The participant is placed within the distribution of the complete study cohort:

CASP position Points
Bottom quartile 0
Middle two quartiles 2
Top quartile 4

This component is therefore relative to the cohort rather than an entirely person-independent clinical threshold.

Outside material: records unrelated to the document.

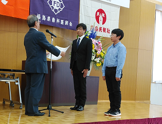 第63回県学校歯科保健優良表彰の表彰式に保健委員会委員長と出席しました。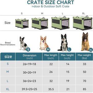 🧿As pet owners, we know that traveling with our furry friends can be a challenge, especially when it comes to finding the right crate to suit their size and needs. For smaller pets, our 26-inch crate is perfect and can fit any size cat or small dog, such as Maine and Dachshunds. Our 30-inch crate is ideal for medium-sized dogs like Poodles, while our 36-inch crate is perfect for medium to large-sized dogs like Labradors. Our 39.5-inch crate is suitable for larger breeds such as German Shepherds.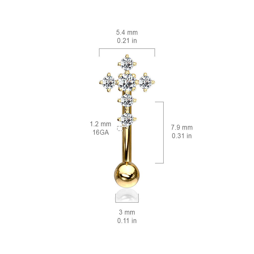 Elevate your style with this petite reverse belly ring, designed for both durability and sparkle. The barbell is crafted from 316L surgical steel, ensuring safety and long-lasting wear, while the cross charm is plated in rhodium, 14Kt yellow gold, or 14Kt rose gold over brass for a radiant finish. A CZ paved cross top adds dazzling brilliance to the sleek, curved design.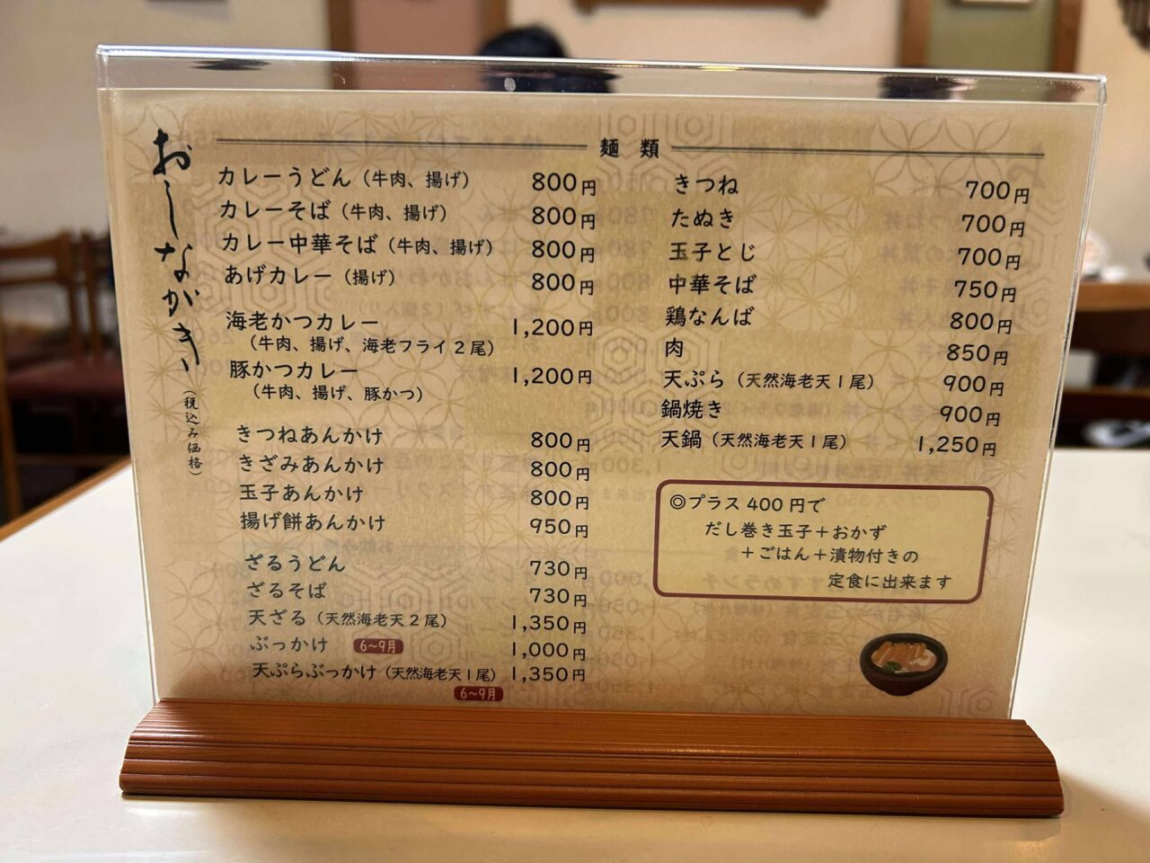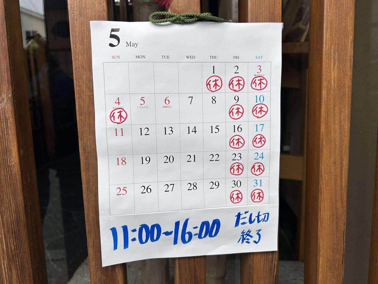 店先に月間予定が貼り出されています。このような気心使いが老舗たる所以でしょうか。だしにこだわるお店ですので、だしが切れたら終了となりますのでご注意ください。

Three-item R-UCLA loneliness score: 0–4

Loneliness score Points
3–4 4
5–6 2
7–9 0

Therefore:

$$
P_{\rm raw}

EUROD_{\rm points}
+CASP_{\rm points}
+UCLA_{\rm points}
$$

$$
IC_{\rm psychological}

10\frac{P_{\rm raw}}{12}
$$

Each raw point is worth approximately 0.833 domain points. In practice, because the components change in increments of two or four, the domain score generally changes in increments of about 1.67.

5. Sensory capacity

Maximum raw score: 10.

Distance vision: 0–2

Self-rated on a 1–5 scale, where 1 is excellent and 5 is poor:

Rating Points
1–2 2
3–4 1
5 0

Reading vision: 0–2

The same conversion is used:

Rating Points
1–2 2
3–4 1
5 0

Hearing ability: 0–2

Again:

Rating Points
1–2 2
3–4 1
5 0

Use of glasses: 0 or 2

Status Points
Uses glasses 0
Does not use glasses 2

Use of hearing aid: 0 or 2

Status Points
Uses hearing aid 0
Does not use hearing aid 2

Therefore:

$$
S_{\rm raw}

D_{\rm vision}
+R_{\rm vision}
+H_{\rm rating}
+G_{\rm nonuse}
+HA_{\rm nonuse}
$$

Since the maximum is ten:

$$
IC_{\rm sensory}=S_{\rm raw}
$$

The assistive-device scoring is a significant weakness: a person whose vision or hearing is successfully corrected is still penalised simply for using the device.

Final composite algorithm

In expanded form:

$$
\boxed{
IC_{\rm total}

10\frac{C_{\rm raw}}{18}
+
10\frac{V_{\rm raw}}{15}
+
L_{\rm raw}
+
10\frac{P_{\rm raw}}{12}
+
S_{\rm raw}
}
$$

The theoretical range is:

$$
0\leq IC_{\rm total}\leq50
$$

Example

Suppose someone has:

  • Cognition raw score: 15/18
  • Vitality raw score: 12/15
  • Locomotion raw score: 8/10
  • Psychological raw score: 10/12
  • Sensory raw score: 7/10

Then:

$$
IC_{\rm total}

10(15/18)+10(12/15)+8+10(10/12)+7
$$

$$
=8.33+8.00+8.00+8.33+7.00
=\boxed{39.67}
$$

How longitudinal change was calculated

For each person:

$$
\Delta IC=IC_{\text{Wave 9}}-IC_{\text{Wave 6}}
$$

Therefore:

  • (\Delta IC<0): decline
  • (\Delta IC=0): no measured change
  • (\Delta IC>0): improvement

The same calculation was performed separately for each domain.

Importantly, this is a paper-specific algorithm—not a validated universal WHO intrinsic-capacity instrument. The scoring thresholds, equal domain weighting and selection of variables were chosen by the authors.